All records below are to be transcribed exactly, with every picture left out.

╭─ Data for the task

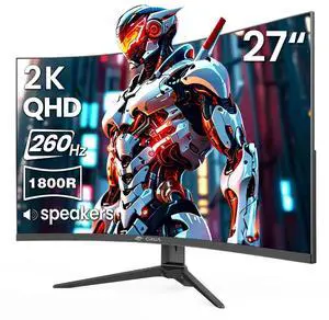 CRUA 27'' Curved Gaming Monitor 260Hz/240Hz, QHD 1440P 1800R VA Panel Computer Monitor with Built-in Speakers, Support AMD FreeSync, 120% sRGB, Blue Light Filter, HDMI2.0 & DP1.4, Wall Mountable-Black
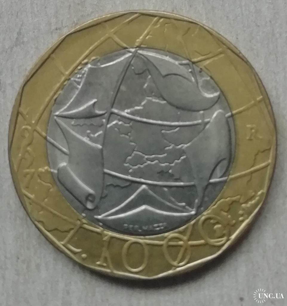 Италия 1000 лир 1997 Евросоюз, карта Европы и ГДР и ФРГ
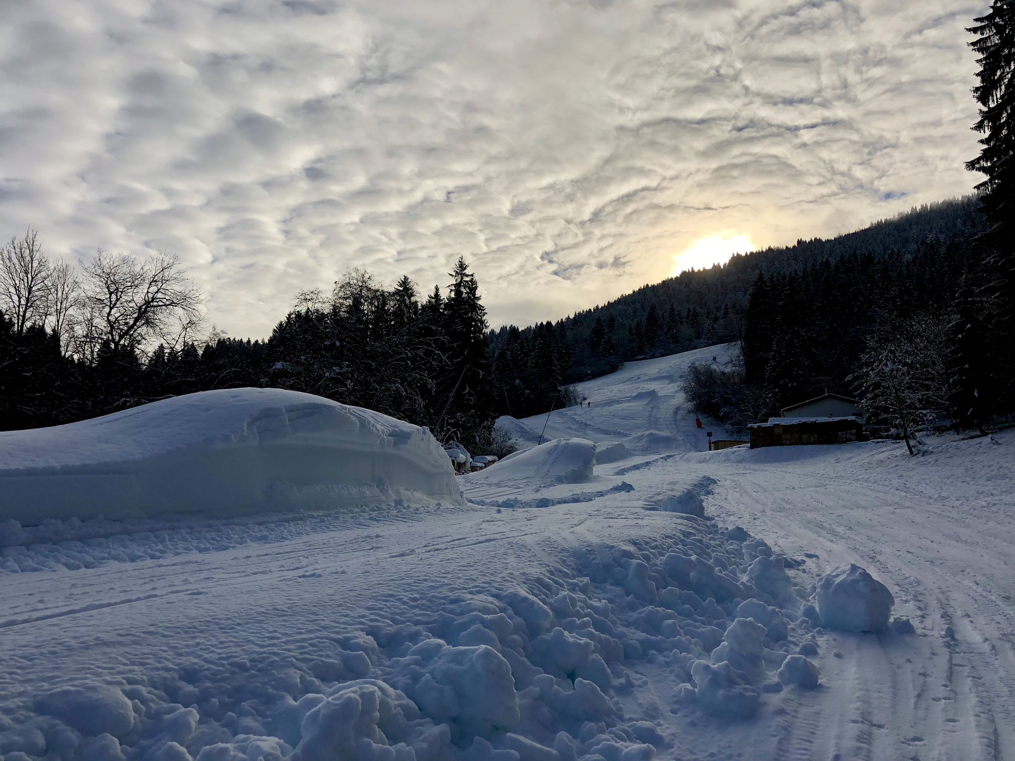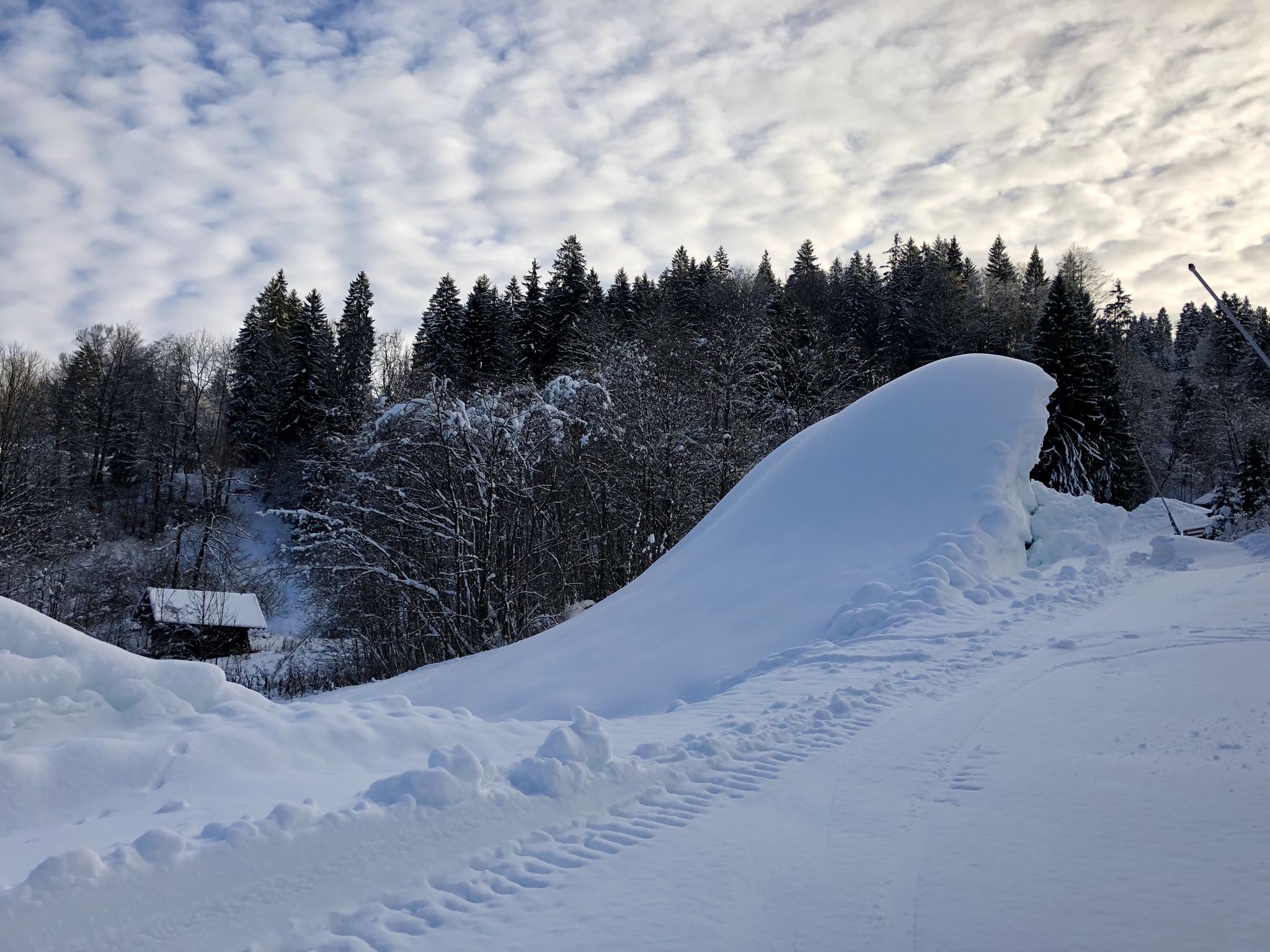 Sonstiges: Vom PP Hausbergbahn (730m) über die auf 10m Breite präparierte Kochelbergabfahrt auf den Hausberg und über die Skiroute Standard-Tonihütte Richtung Trögelhütte (1436m). Neben dem geschlossenen Tunnel über die Kandahar und weiter entlang der Skiroute zur noch geschlossenen Kreuzalm (1600m).
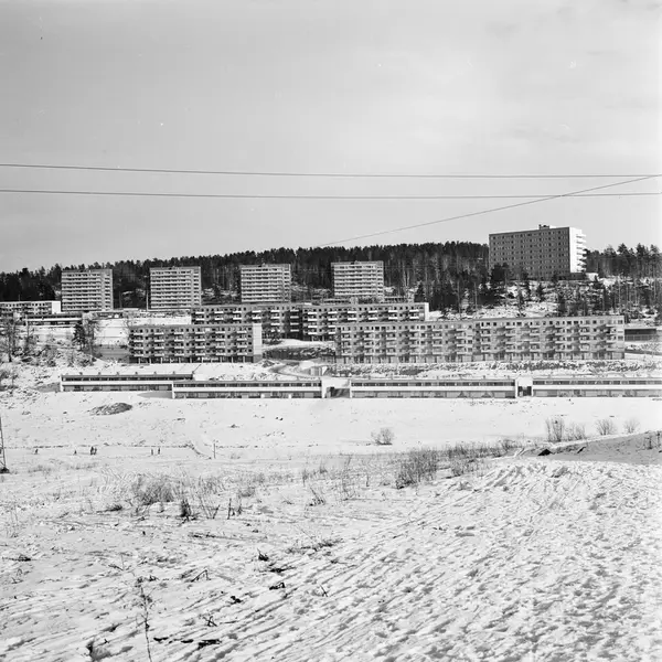 Høyblokken (trygdebolig) til høyre i bildet er Rustadgrenda 1. De fire høyblokkene i bakgrunnen ligger i Stallerudveien 89-95. Bildet er tatt fra Paal Bergs vei ikke langt fra Løvsetfaret. Se også panoramaversjon satt sammen av OB.RD4238g, h og f, med nummer OB.RD4238ghf. Rigmor Dahl Delphin (1908-1993) var ansatt som fotograf i ukebladet Alle Kvinner. Hennes negativarkiv ble i 2005 overført Oslo Bymuseum fra Gyldendal Norsk Forlag som var utgiver av bladet.
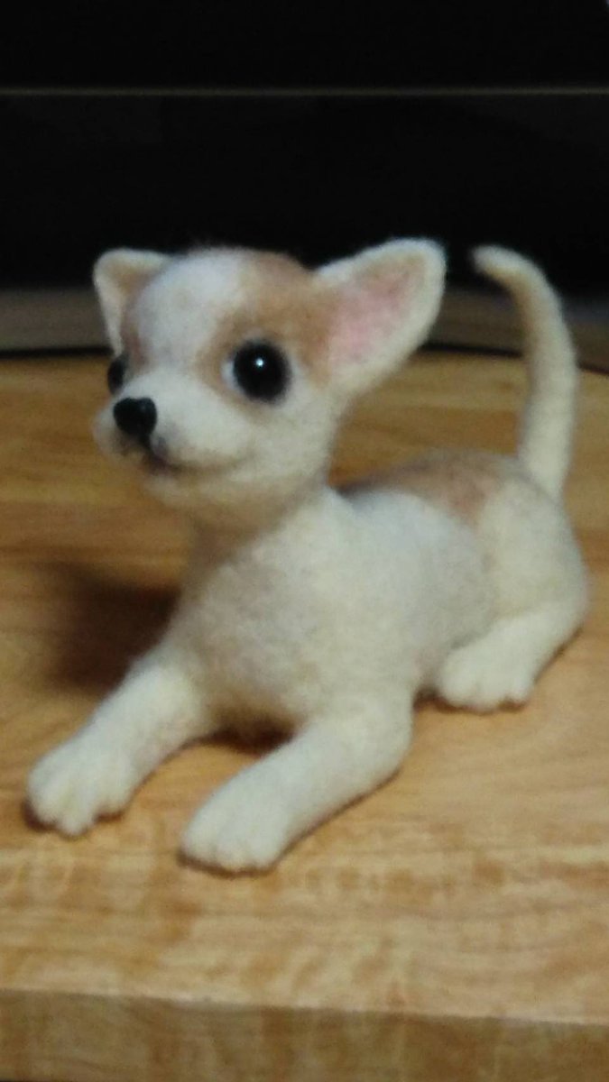 母が作ったオーダーのチワワちゃん 写真だけ見て作る母と 一緒に暮らしてる家族のイメージは やはり違うと思うので… どう思う?と何度も私に写真送ってきて 悩み悩み作ってました。 気に入ってもらえるといいな〜 #羊毛フェルト
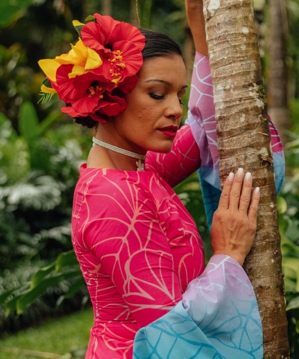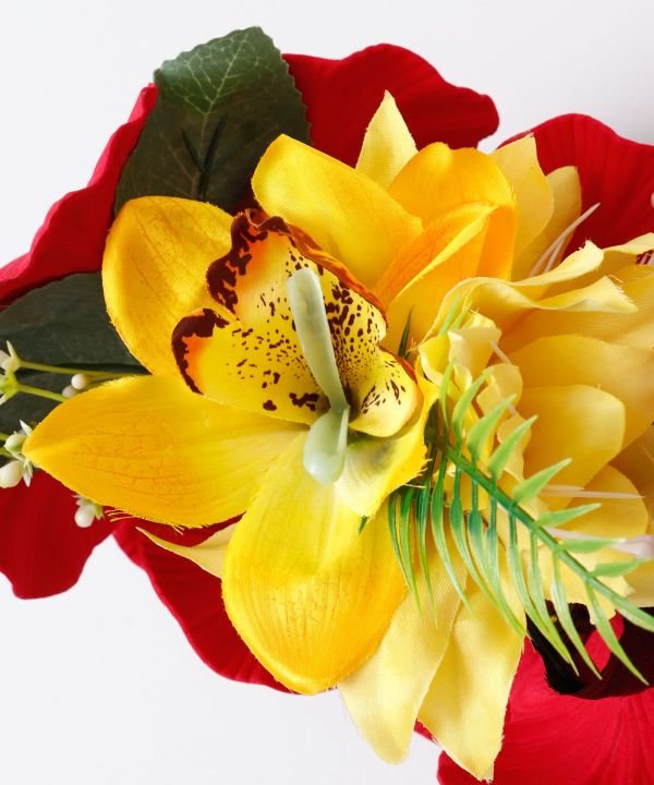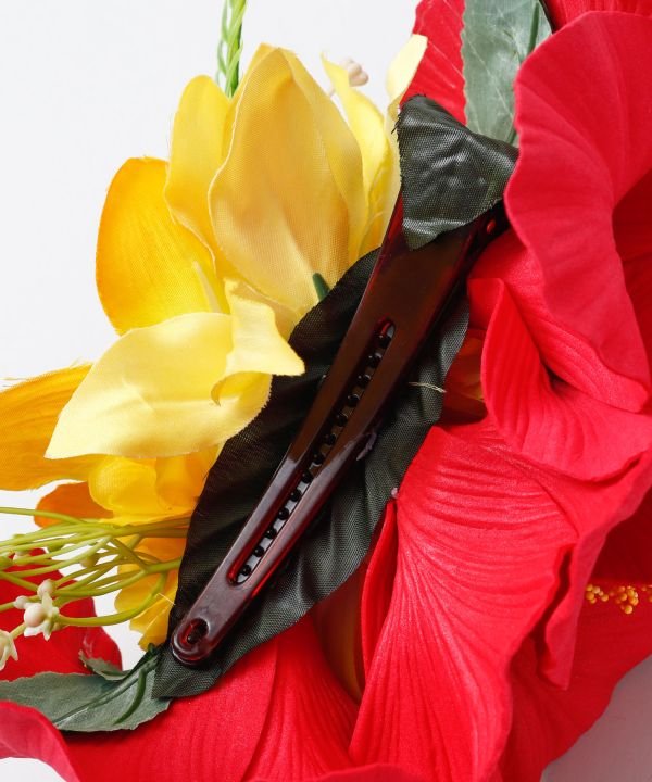 A clip featuring hibiscus, which represents Hawaii, and cymbidium (cattleya) with elegant and graceful splendor. You can enjoy a different impression just by changing the way you wear it. It adds a glamorous touch to the stage with its voluminous presence that stands out on stage.

╰─

» **Task solution**:
 CRUA 27'' Curved Gaming Monitor 260Hz/240Hz, QHD 1440P 1800R VA Panel Computer Monitor with Built-in Speakers, Support AMD FreeSync, 120% sRGB, Blue Light Filter, HDMI2.0 & DP1.4, Wall Mountable-Black
 Италия 1000 лир 1997 Евросоюз, карта Европы и ГДР и ФРГ
 Sonstiges: Vom PP Hausbergbahn (730m) über die auf 10m Breite präparierte Kochelbergabfahrt auf den Hausberg und über die Skiroute Standard-Tonihütte Richtung Trögelhütte (1436m). Neben dem geschlossenen Tunnel über die Kandahar und weiter entlang der Skiroute zur noch geschlossenen Kreuzalm (1600m).
 Høyblokken (trygdebolig) til høyre i bildet er Rustadgrenda 1. De fire høyblokkene i bakgrunnen ligger i Stallerudveien 89-95. Bildet er tatt fra Paal Bergs vei ikke langt fra Løvsetfaret. Se også panoramaversjon satt sammen av OB.RD4238g, h og f, med nummer OB.RD4238ghf. Rigmor Dahl Delphin (1908-1993) var ansatt som fotograf i ukebladet Alle Kvinner. Hennes negativarkiv ble i 2005 overført Oslo Bymuseum fra Gyldendal Norsk Forlag som var utgiver av bladet.
 母が作ったオーダーのチワワちゃん 写真だけ見て作る母と 一緒に暮らしてる家族のイメージは やはり違うと思うので… どう思う?と何度も私に写真送ってきて 悩み悩み作ってました。 気に入ってもらえるといいな〜 #羊毛フェルト
 A clip featuring hibiscus, which represents Hawaii, and cymbidium (cattleya) with elegant and graceful splendor. You can enjoy a different impression just by changing the way you wear it. It adds a glamorous touch to the stage with its voluminous presence that stands out on stage.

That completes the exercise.